◆ How to complete this task
Omit the images and retype the records verbatim.

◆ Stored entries
___
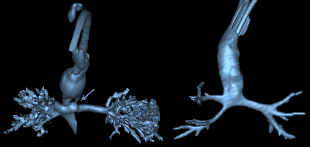 The patient was then transferred to Children’s, where a CT angiogram confirmed long-segment tracheal agenesis with an esophageal fistula at the level of the carina, and distal bronchomalacia. A chest x-ray evaluation showed rib fusion anomalies, and an echocardiogram revealed a large patent ductus arteriosus (PDA).
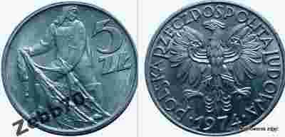5 złotych Rybak 1974,PIĘKNY
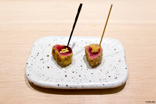For the fried (agemono) course, you are served a pair of rare on the inside and lightly crusted on the outside wagyu cutlets (katsu) – one drizzled with tonkatsu sauce and leaves of edible gold flakes and another, in fact more outstanding one, with a punchy, slightly spicy, daikon spiked with yuzu chilli pepper.
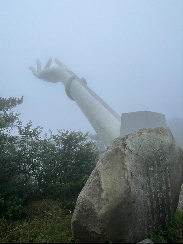 調研團成員們乘坐纜車上山,游覽了女媧手,觀天臺,懸崖棧道等重要游覽景點,并以創新的形式進行打卡宣傳活動。調研成員金舒潤提到“我深刻感受到了‘大好河山,鐘靈秀;無垠林海,毓英杰。’希望通過不同的打卡方式能打造網紅景點,吸引更多的游客前來參觀。”
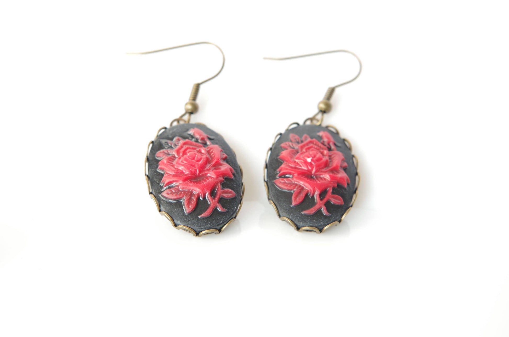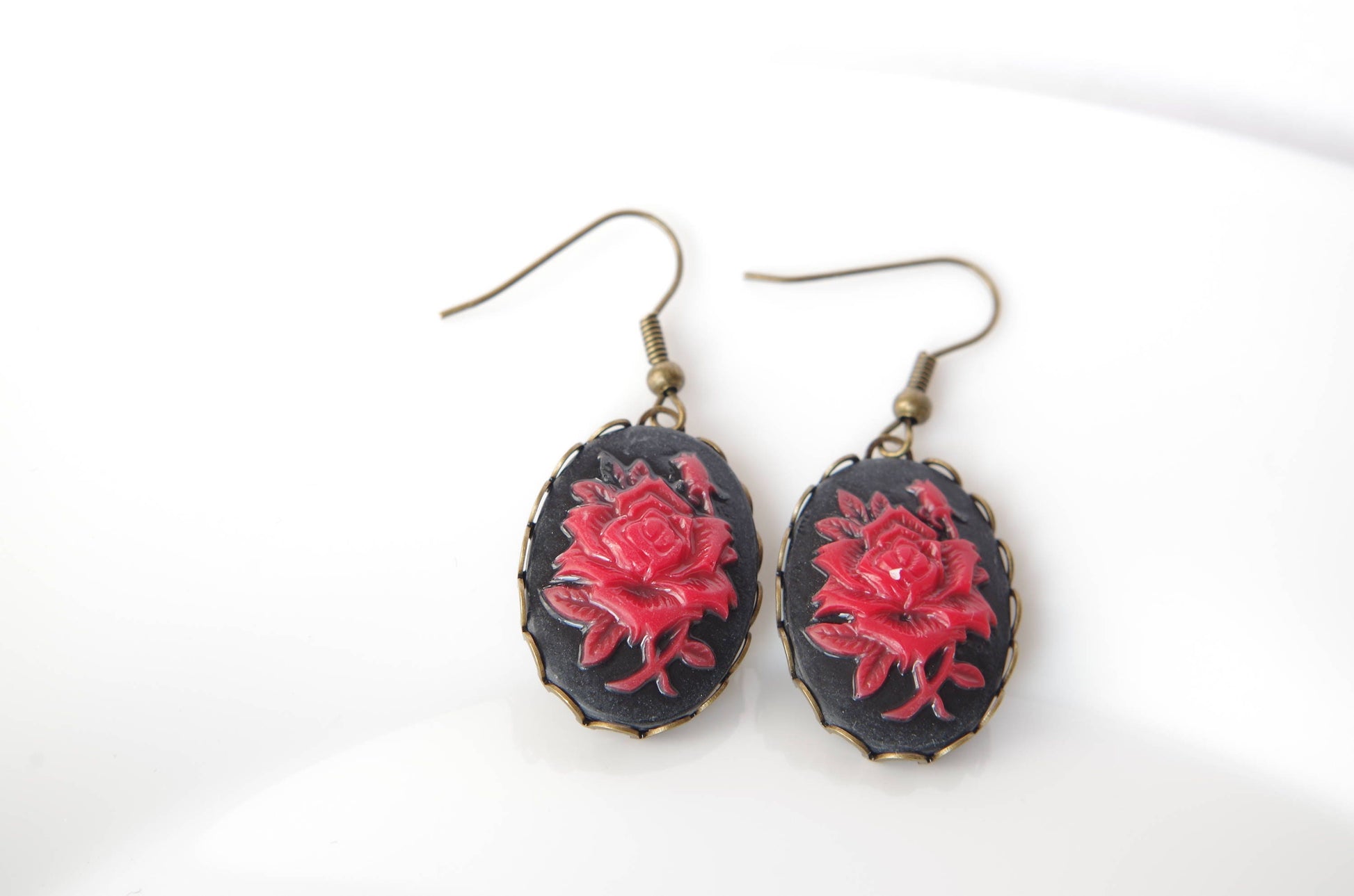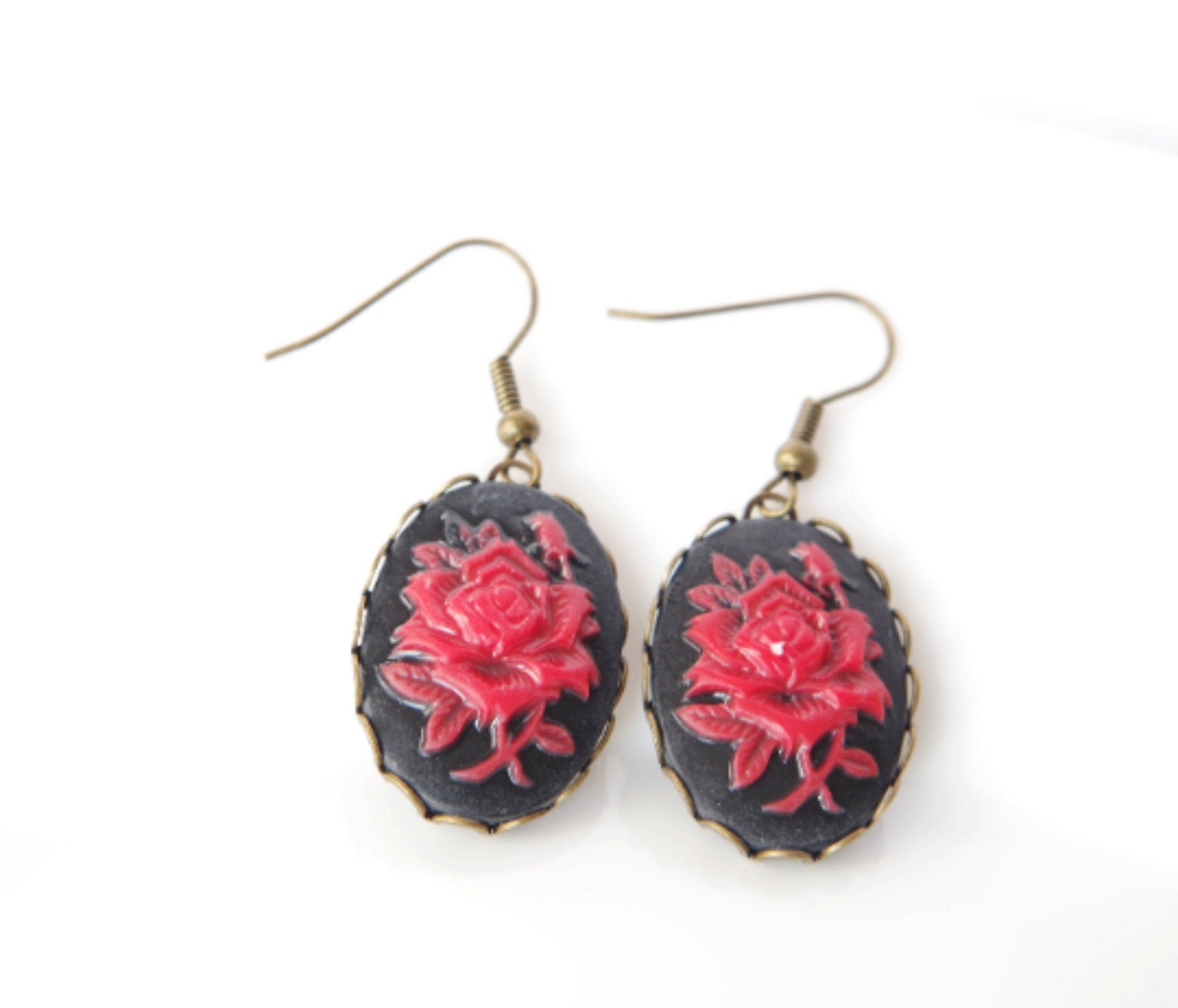 Boucles d’oreilles camée gothique – Rose rouge sur fond noir avec monture bronze
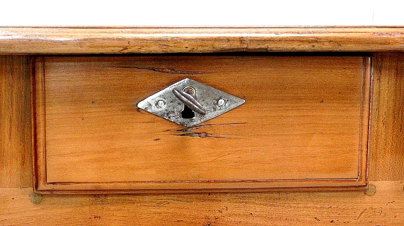 En ceinture, il offre trois tiroirs aux façades Discrètement Moulurées, d’une profondeur identique de 7.5 cm. Celui du centre, plus étroit que ses attenants, se verrouille. Ceux de droite et de gauche sont dotés de Poignées de tirage en Fer.
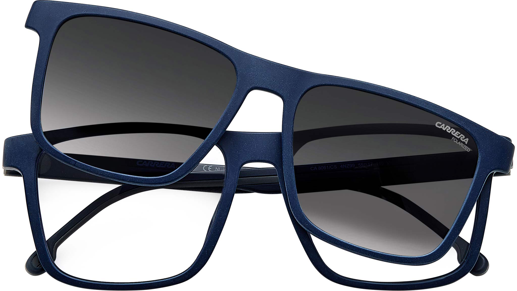 Carrera sunglasses model CA8061/CS color 4NZ WJ matte blue grey. Stylish and innovative, these glasses are full of technical features that provide extreme comfort. The frame guarantees grip and perfect wearability thanks to the bi-injected polyamide technology, available in two colors on the temples, a distinctive Carrera touch. The model features polarized clip-on sunglasses, which attach to the front with magnets, to face sunny days with enviable ease.
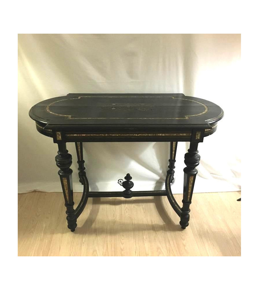 Belle table de milieu "Napoléon III" en bois noirci à décor de frises de nacre et de laiton.
___
◆ Worked solution
 The patient was then transferred to Children’s, where a CT angiogram confirmed long-segment tracheal agenesis with an esophageal fistula at the level of the carina, and distal bronchomalacia. A chest x-ray evaluation showed rib fusion anomalies, and an echocardiogram revealed a large patent ductus arteriosus (PDA).
5 złotych Rybak 1974,PIĘKNY
For the fried (agemono) course, you are served a pair of rare on the inside and lightly crusted on the outside wagyu cutlets (katsu) – one drizzled with tonkatsu sauce and leaves of edible gold flakes and another, in fact more outstanding one, with a punchy, slightly spicy, daikon spiked with yuzu chilli pepper.
 調研團成員們乘坐纜車上山,游覽了女媧手,觀天臺,懸崖棧道等重要游覽景點,并以創新的形式進行打卡宣傳活動。調研成員金舒潤提到“我深刻感受到了‘大好河山,鐘靈秀;無垠林海,毓英杰。’希望通過不同的打卡方式能打造網紅景點,吸引更多的游客前來參觀。”
 Boucles d’oreilles camée gothique – Rose rouge sur fond noir avec monture bronze
 En ceinture, il offre trois tiroirs aux façades Discrètement Moulurées, d’une profondeur identique de 7.5 cm. Celui du centre, plus étroit que ses attenants, se verrouille. Ceux de droite et de gauche sont dotés de Poignées de tirage en Fer.
 Carrera sunglasses model CA8061/CS color 4NZ WJ matte blue grey. Stylish and innovative, these glasses are full of technical features that provide extreme comfort. The frame guarantees grip and perfect wearability thanks to the bi-injected polyamide technology, available in two colors on the temples, a distinctive Carrera touch. The model features polarized clip-on sunglasses, which attach to the front with magnets, to face sunny days with enviable ease.
 Belle table de milieu "Napoléon III" en bois noirci à décor de frises de nacre et de laiton.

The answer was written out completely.